HotDep '10 Workshop Session Abstracts

WORKSHOP PROGRAM ABSTRACTS

Sunday, October 3, 2010

8:30 a.m.–10:00 a.m.

Storyboard: Optimistic Deterministic Multithreading
Back to Program
State-machine replication is a general approach to address the increasing importance of network-based services by improving their availability and reliability via replicated execution. If a service is deterministic, multiple replicas will produce the same results, and faults can be tolerated by means of agreement protocols. Unfortunately, real-life services are often not deterministic. One major source of non-determinism is multi-threaded execution with shared data access in which the thread execution order is determined by the run-time system and the outcome may depend on which thread accesses data first. We present Storyboard, an approach that ensures deterministic execution of multi-threaded programs. Storyboard achieves this by utilizing application-specific knowledge to minimize costly inter-replica coordination and to exploit concurrency in a similar way as non-deterministic execution. This is accomplished by making a forecast for a likely execution path, provided as an ordered sequence of locks that protect critical sections. If this forecast is correct, a request is executed in parallel to other running requests without further actions. Only in case of an incorrect forecast will an alternative execution path be resolved by inter-replica coordination.

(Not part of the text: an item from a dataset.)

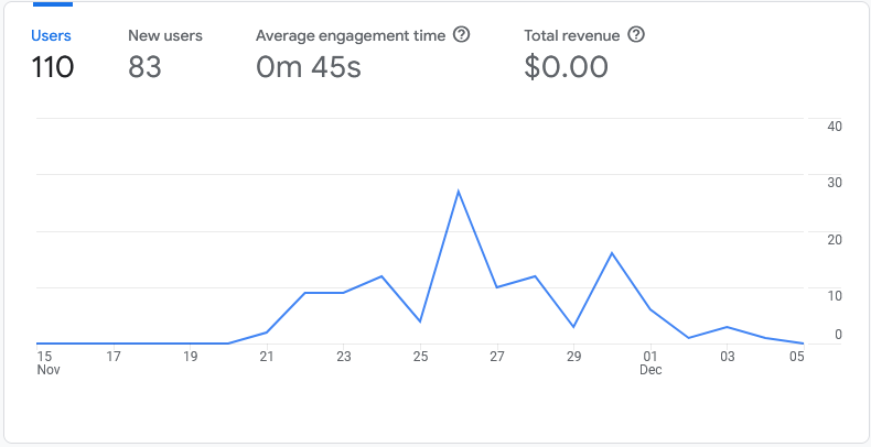 There are some very important positives to point out, however. My average engagement time effectively doubled. Getting people to come to your site and actually use it is the real goal here. This is a strong sign that the content was becoming more of a focus for my visitors versus the quick 'pop-ins' that were happening before.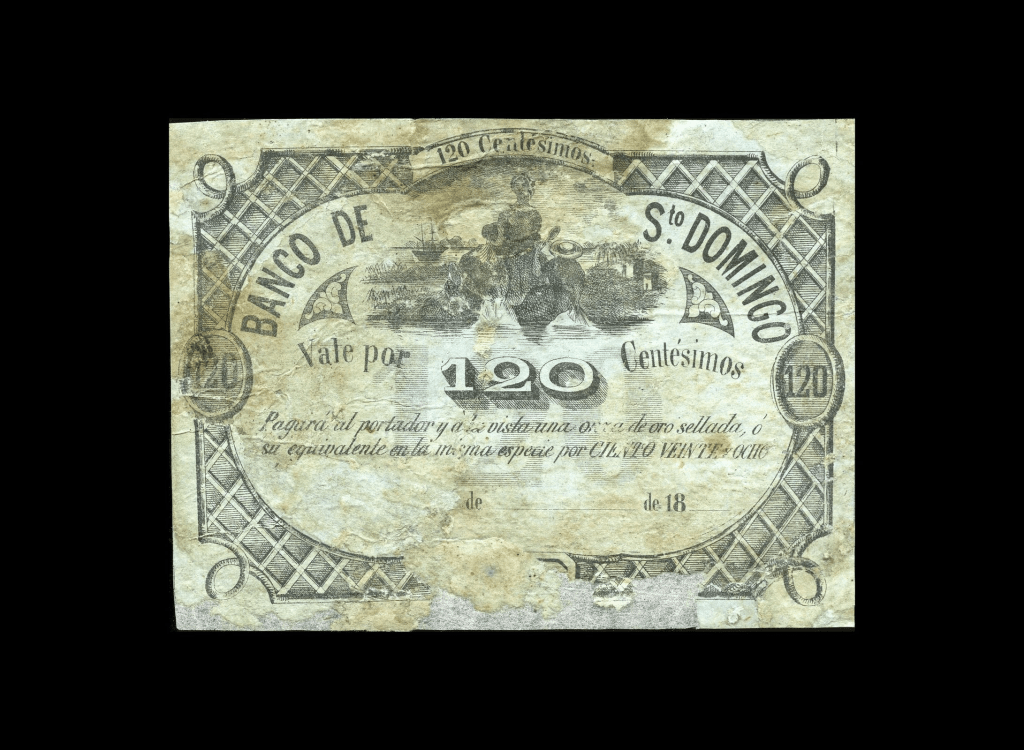 Lote 2093. Uruguay. Banco de Santo Dimingo, Soriano. 20 Centésimos ND1858 Remainder. Not in Pick (VG) Restaurado. Billete sumamente raro y escaso

Scalable Agreement: Toward Ordering as a Service
Back to Program
Replicated state machines use agreement protocols such as Paxos to order client requests. These protocols are not scalable and can quickly become a performance bottleneck as the degree of fault-tolerance and the demand for throughput performance increase. We propose a scalable agreement protocol that can utilize additional resources to provide higher throughput, while guaranteeing linearizability for client requests. Our protocol can build on existing optimizations, as it can use protocols like Paxos as a building block. A preliminary performance evaluation shows a throughput increase of 50%–179% over a baseline strategy, even without adding any hardware; and with additional hardware we are able to achieve even higher performance gains.

Active Quorum Systems
Back to Program
This paper outlines a flexible suite of object replication protocols that brings together Byzantine quorum systems registers and state machine replication. These protocols enable the implementation of Byzantine fault-tolerant applications that make minimal assumptions about the environment and that run in at most two more communication steps in almost all cases of non-favorable executions (in comparison with favorable executions).

10:30 a.m.–Noon

We Crashed, Now What?
Back to Program
We present an in-depth analysis of the crash-recovery problem and propose a novel approach to recover from otherwise fatal operating system (OS) crashes. We show how an unconventional, but careful, OS design, aided by automatic compiler-based code instrumentation, offers a practical solution towards the survivability of the entire system. Current results are encouraging and show that our approach is able to recover even the most critical OS subsystems without exposing the failure to user applications or hampering the scalability of the system.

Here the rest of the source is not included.